**EXERCISE PROMPT**. Transcribe exactly, and without pictures, the lines from the one that contains "ホンダは、新型ステップワゴン" through the last line of the material.

**SUPPLIED DATA**.

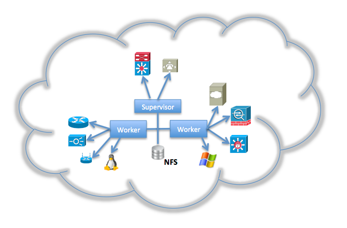 По мере увеличения количества контролируемых устройств или темпа роста событий один супервизор может не справиться с нагрузкой. В этом случае разворачивается один обработчик или кластер обработчиков, которые обмениваются данными с супервизором через общую базу данных (NFS). Обработчики являются stateless-узлами (не сохраняют информацию о предыдущих взаимодействиях, каждый запрос на взаимодействие обрабатывается исключительно на основе информации, приходящей с ним) и могут быть легко добавлены или удалены из кластера по мере необходимости.
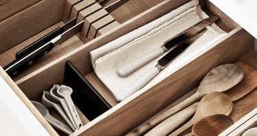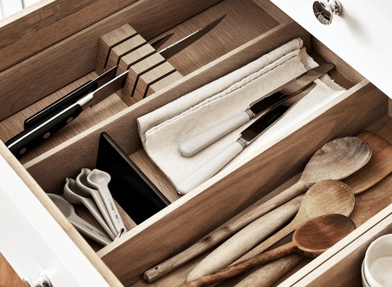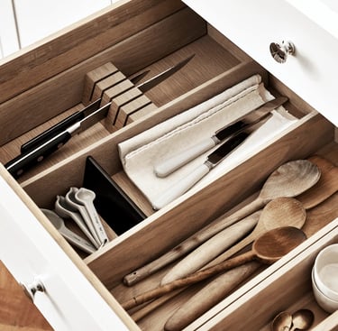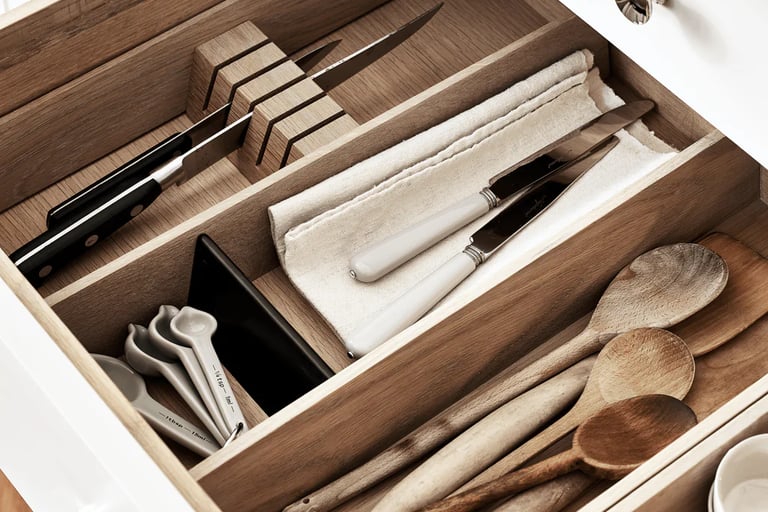 Messy drawers = wasted space. Use dividers to sort utensils, knives, and gadgets so you can find what you need instantly. Bonus tip: adjustable bamboo or acrylic organizers keep everything customizable.
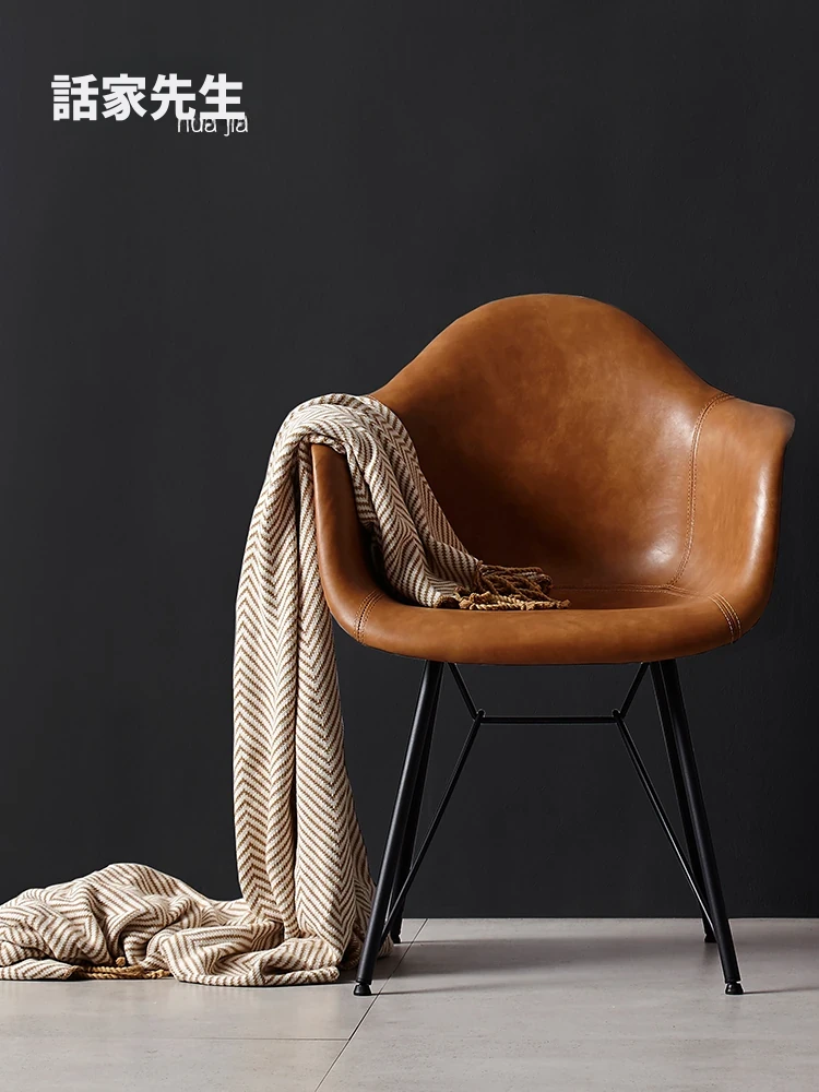 北欧スタイルの本革ダイニングチェア|デザイナーズホテル向けのレトロなインダストリアル風アームレスト付きリクライニングチェア|書斎にも最適!高級感あふれる快適な座り心地をお楽しみください。
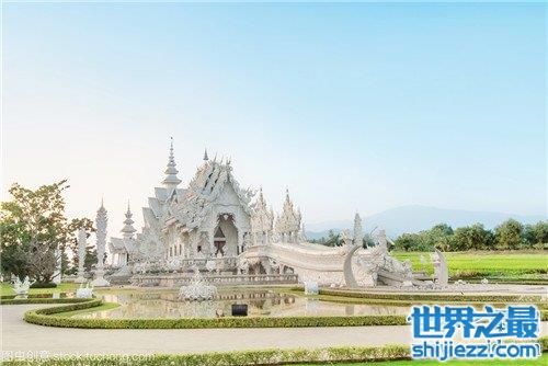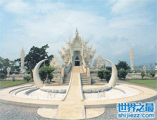 白庙,听起来像不像是美国的白宫呢?没错,它与美国的白宫差不多都是白色的建筑,这座寺庙是泰国比较新的一个寺庙之一了,它建立于一九九七年,远远的望去,像是从画里面出现的一个童话城堡了,它里面有一个非常大的亮点,那就是重生循环的桥梁了。
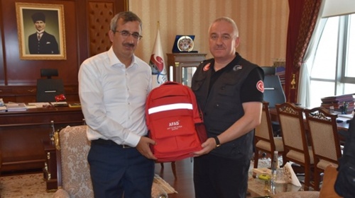 Afet ve Acil Durum Yönetimi Başkanlığı Başkan Yardımcısı İsmail Palakoğlu, Planlama ve Risk Azaltma Daire Başkanı Yusuf Aysu, Vali Yunus Sezer'i makamında ziyaret etti. İl Afet ve Acil Durum Müdürlüğünde yapılan masa başı tatbikatın ardından gerçekleşen ziyarette Başkan Yardımcısı Palakoğlu tarafından Vali Sezer'e Afet ve Acil Durum Çantası takdim edildi.
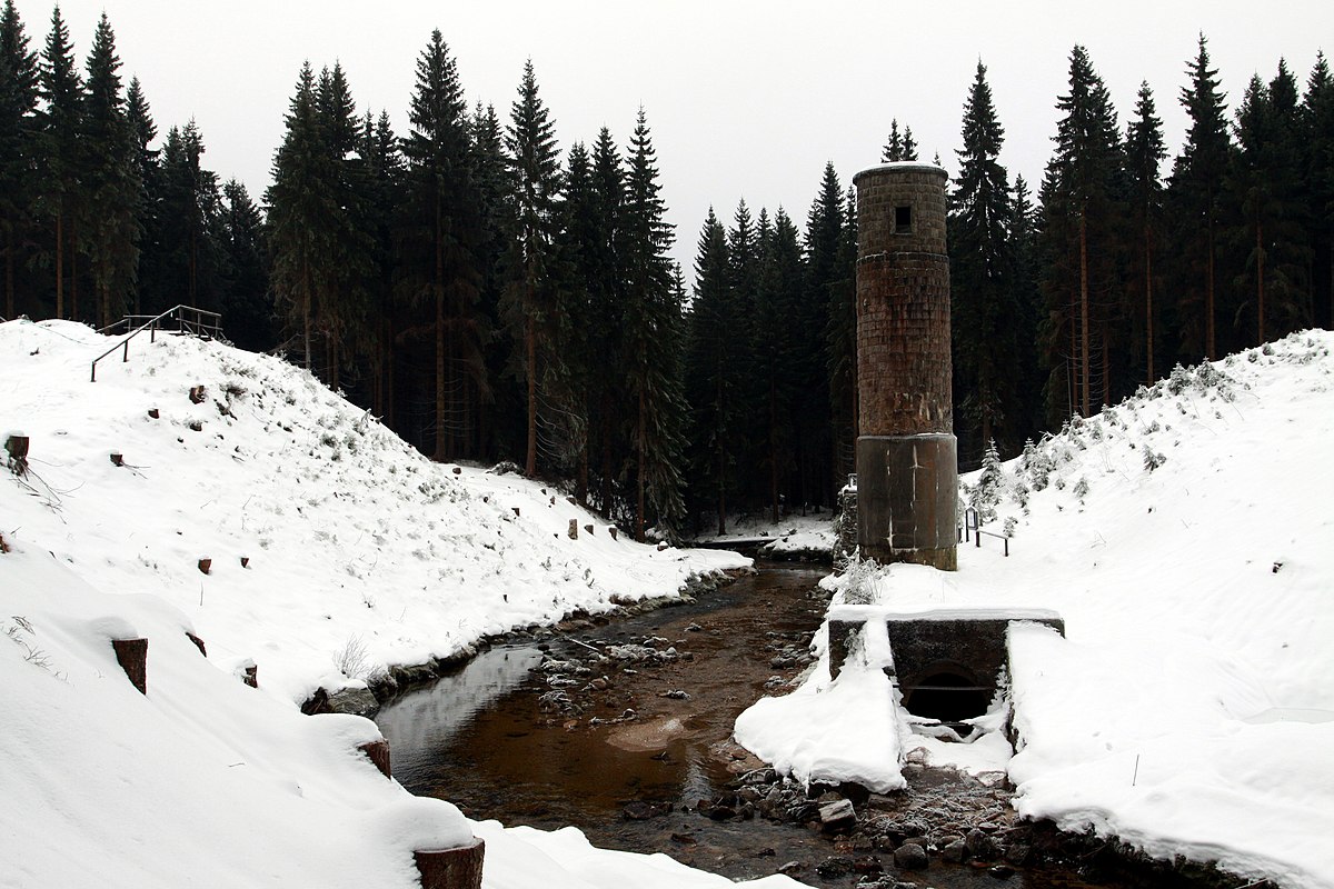 Šoupátková věž, zbytky hráze a ledové závoje na Bílém potoce vytvářejí silné kontrasty. Skvělé místo na dlouhé expozice i detailní záběry struktury ledu.
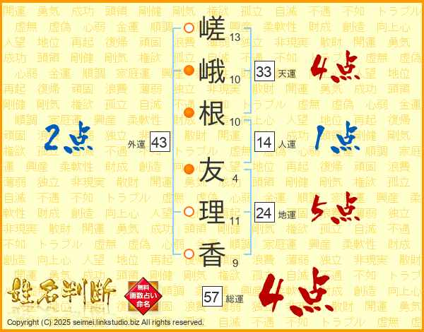 嵯(13画)峨(10画)根(10画) 友(4画)理(11画)香(9画)
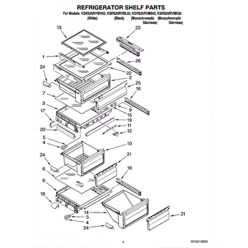 Parts for Kitchenaid KSRS25RVBL02: 03 - Refrigerator Shelf Parts
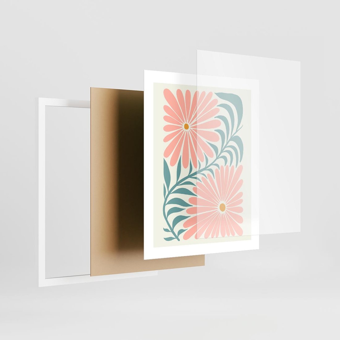 Ten plakat w minimalistycznym stylu uchwycił piękno kwiatów w delikatnych pastelach, tworząc wyjątkową sztukę nowoczesną. Kompozycja oddaje subtelną harmonię i wdzięk natury.
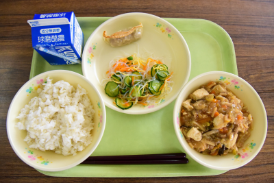麦ご飯、マーボー豆腐、焼きぎょうざ、バンサンスー
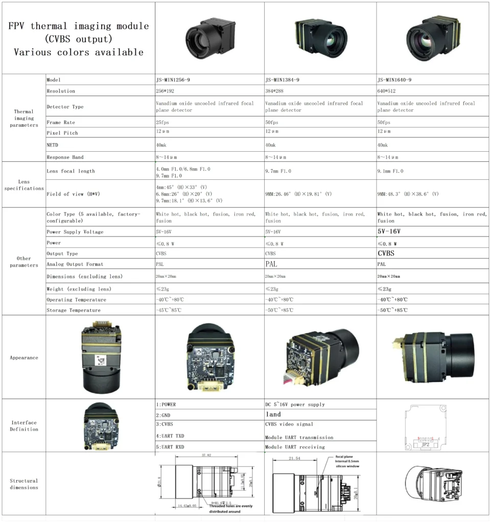 New Thermal 640*512 OEM CVBS/USB 9mm Analog Interface Camera Module High Resolution FPV Thermal Imager
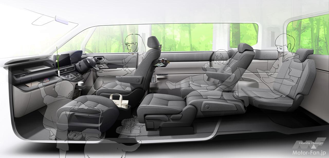 ホンダは、新型ステップワゴンで、エクステリアをシンプルでクリーンなデザインとすることで、家族それぞれのライフスタイルを素敵に引き立てる存在となることを目指した。インテリアは、どの席からも開放感のある視界が得られることで、爽快で居心地の良い空間を実現した。
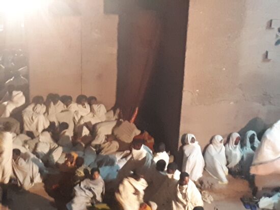 Die Gläubeingen sitzen überall wo es nur geht am Boden an den Wänden der Kirche und übernachten dann auch hier.
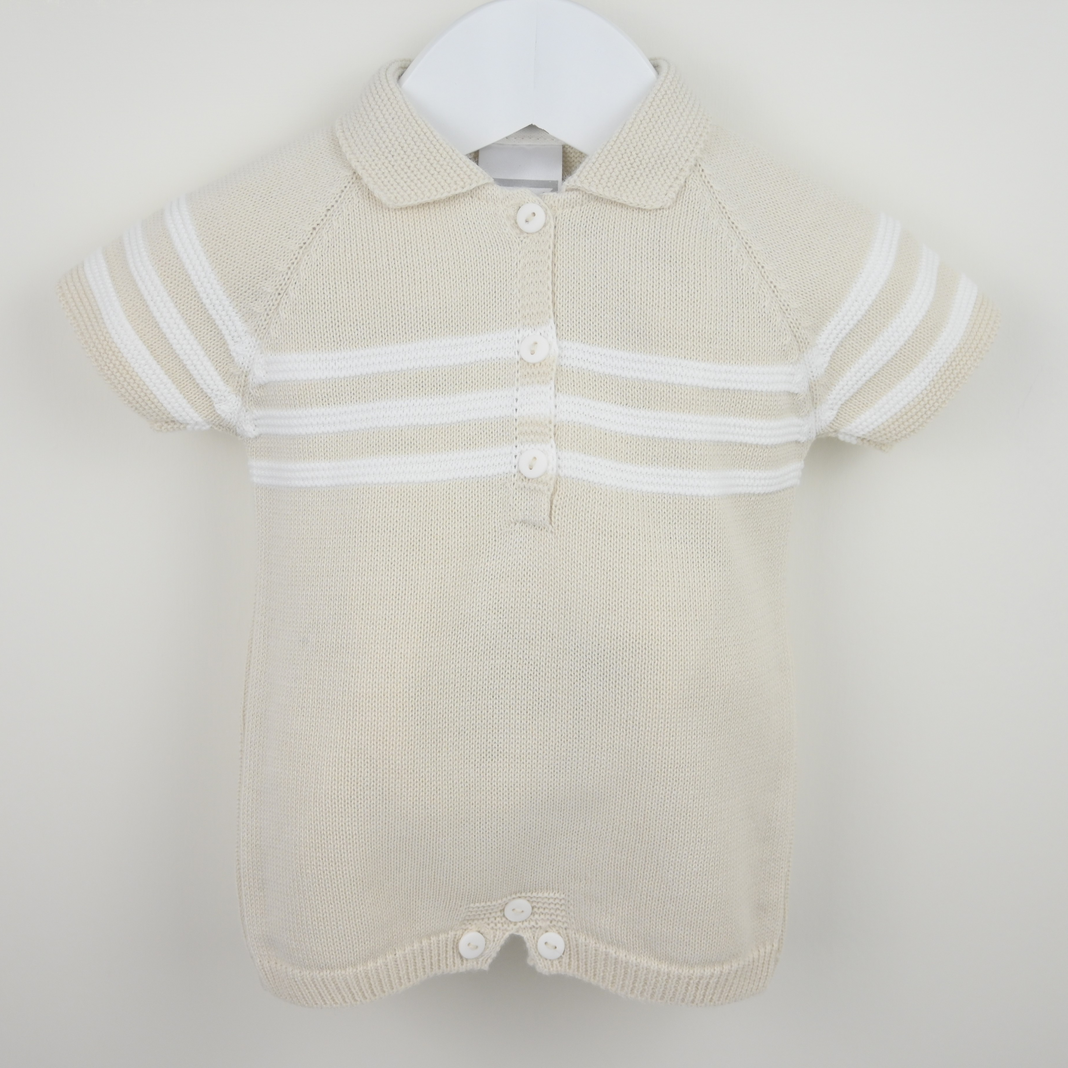 Beige boys romper with white stripes across the chest and collar and buttons to front.
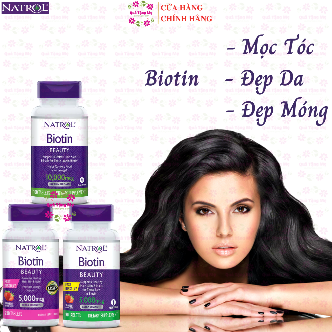 - Biotin còn gọi là Vitamin B7 hay Vitamin H là một dưỡng chất đóng vai trò quan trọng đối với sự tăng trưởng và phát triển của cơ thể. Giúp nuôi dưỡng và kích thích sự phát triển của da, tóc và móng tay cũng như hệ thần kinh và tiêu hóa.

**RESULT FOR THIS TASK**.
 ホンダは、新型ステップワゴンで、エクステリアをシンプルでクリーンなデザインとすることで、家族それぞれのライフスタイルを素敵に引き立てる存在となることを目指した。インテリアは、どの席からも開放感のある視界が得られることで、爽快で居心地の良い空間を実現した。
 Die Gläubeingen sitzen überall wo es nur geht am Boden an den Wänden der Kirche und übernachten dann auch hier.
 Beige boys romper with white stripes across the chest and collar and buttons to front.
 - Biotin còn gọi là Vitamin B7 hay Vitamin H là một dưỡng chất đóng vai trò quan trọng đối với sự tăng trưởng và phát triển của cơ thể. Giúp nuôi dưỡng và kích thích sự phát triển của da, tóc và móng tay cũng như hệ thần kinh và tiêu hóa.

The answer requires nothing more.